◆ **Problem to work on**: Your copy should match the entries exactly, except that it holds no pictures.

Dataset excerpts
===============

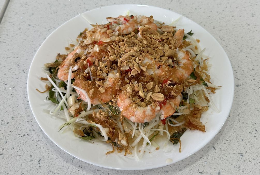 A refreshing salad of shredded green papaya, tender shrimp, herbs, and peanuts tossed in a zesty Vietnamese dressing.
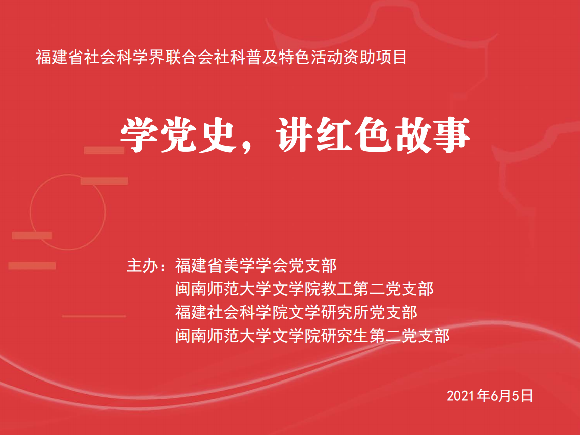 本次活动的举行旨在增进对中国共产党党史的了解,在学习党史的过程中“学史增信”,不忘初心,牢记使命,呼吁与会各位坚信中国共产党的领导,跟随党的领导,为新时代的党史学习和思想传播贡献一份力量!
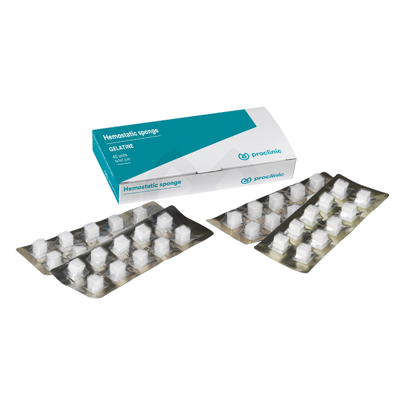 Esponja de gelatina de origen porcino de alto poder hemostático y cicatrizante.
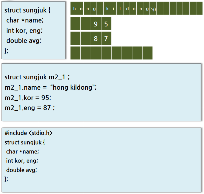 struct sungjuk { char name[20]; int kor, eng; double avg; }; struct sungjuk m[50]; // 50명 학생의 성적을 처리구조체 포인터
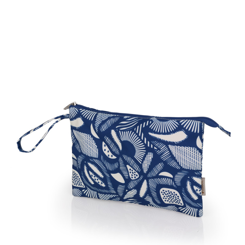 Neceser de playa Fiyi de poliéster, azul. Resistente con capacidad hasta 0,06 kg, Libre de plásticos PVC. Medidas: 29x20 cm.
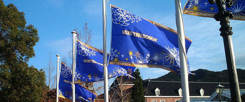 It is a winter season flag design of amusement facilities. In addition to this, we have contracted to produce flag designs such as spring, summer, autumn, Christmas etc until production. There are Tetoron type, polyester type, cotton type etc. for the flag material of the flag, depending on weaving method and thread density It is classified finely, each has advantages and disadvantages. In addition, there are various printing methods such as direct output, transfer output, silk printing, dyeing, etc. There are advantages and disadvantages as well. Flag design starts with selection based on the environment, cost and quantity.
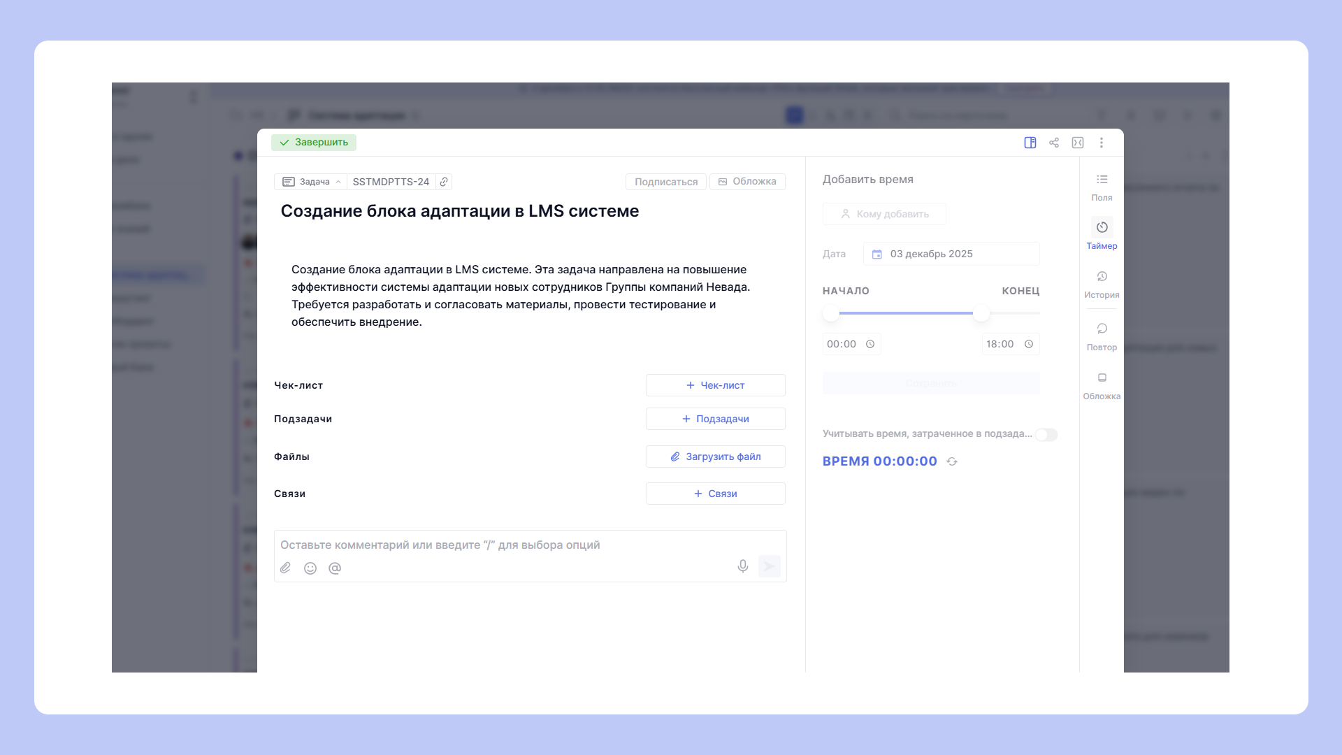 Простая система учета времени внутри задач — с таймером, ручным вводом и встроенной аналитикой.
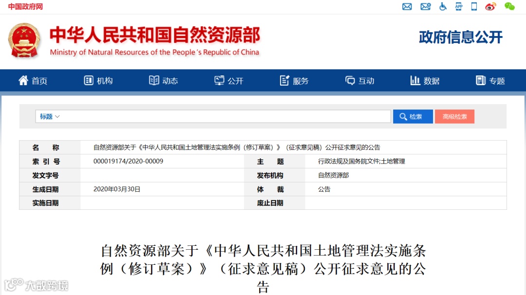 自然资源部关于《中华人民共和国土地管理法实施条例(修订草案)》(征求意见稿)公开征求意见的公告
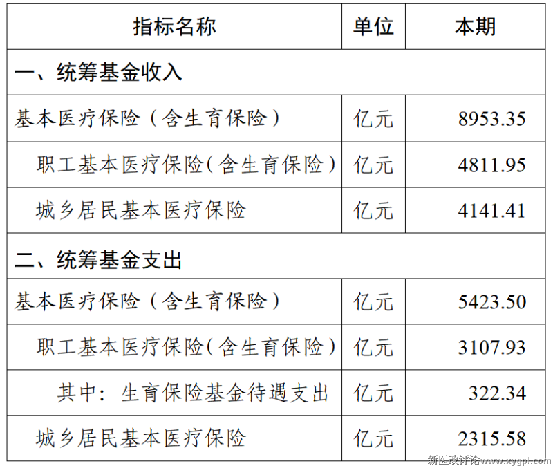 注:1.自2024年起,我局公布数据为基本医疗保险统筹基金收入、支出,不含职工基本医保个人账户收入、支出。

===============

◆ **Task response**:
 A refreshing salad of shredded green papaya, tender shrimp, herbs, and peanuts tossed in a zesty Vietnamese dressing.
 本次活动的举行旨在增进对中国共产党党史的了解,在学习党史的过程中“学史增信”,不忘初心,牢记使命,呼吁与会各位坚信中国共产党的领导,跟随党的领导,为新时代的党史学习和思想传播贡献一份力量!
 Esponja de gelatina de origen porcino de alto poder hemostático y cicatrizante.
 struct sungjuk { char name[20]; int kor, eng; double avg; }; struct sungjuk m[50]; // 50명 학생의 성적을 처리구조체 포인터
 Neceser de playa Fiyi de poliéster, azul. Resistente con capacidad hasta 0,06 kg, Libre de plásticos PVC. Medidas: 29x20 cm.
 It is a winter season flag design of amusement facilities. In addition to this, we have contracted to produce flag designs such as spring, summer, autumn, Christmas etc until production. There are Tetoron type, polyester type, cotton type etc. for the flag material of the flag, depending on weaving method and thread density It is classified finely, each has advantages and disadvantages. In addition, there are various printing methods such as direct output, transfer output, silk printing, dyeing, etc. There are advantages and disadvantages as well. Flag design starts with selection based on the environment, cost and quantity.
 Простая система учета времени внутри задач — с таймером, ручным вводом и встроенной аналитикой.
 自然资源部关于《中华人民共和国土地管理法实施条例(修订草案)》(征求意见稿)公开征求意见的公告
 注:1.自2024年起,我局公布数据为基本医疗保险统筹基金收入、支出,不含职工基本医保个人账户收入、支出。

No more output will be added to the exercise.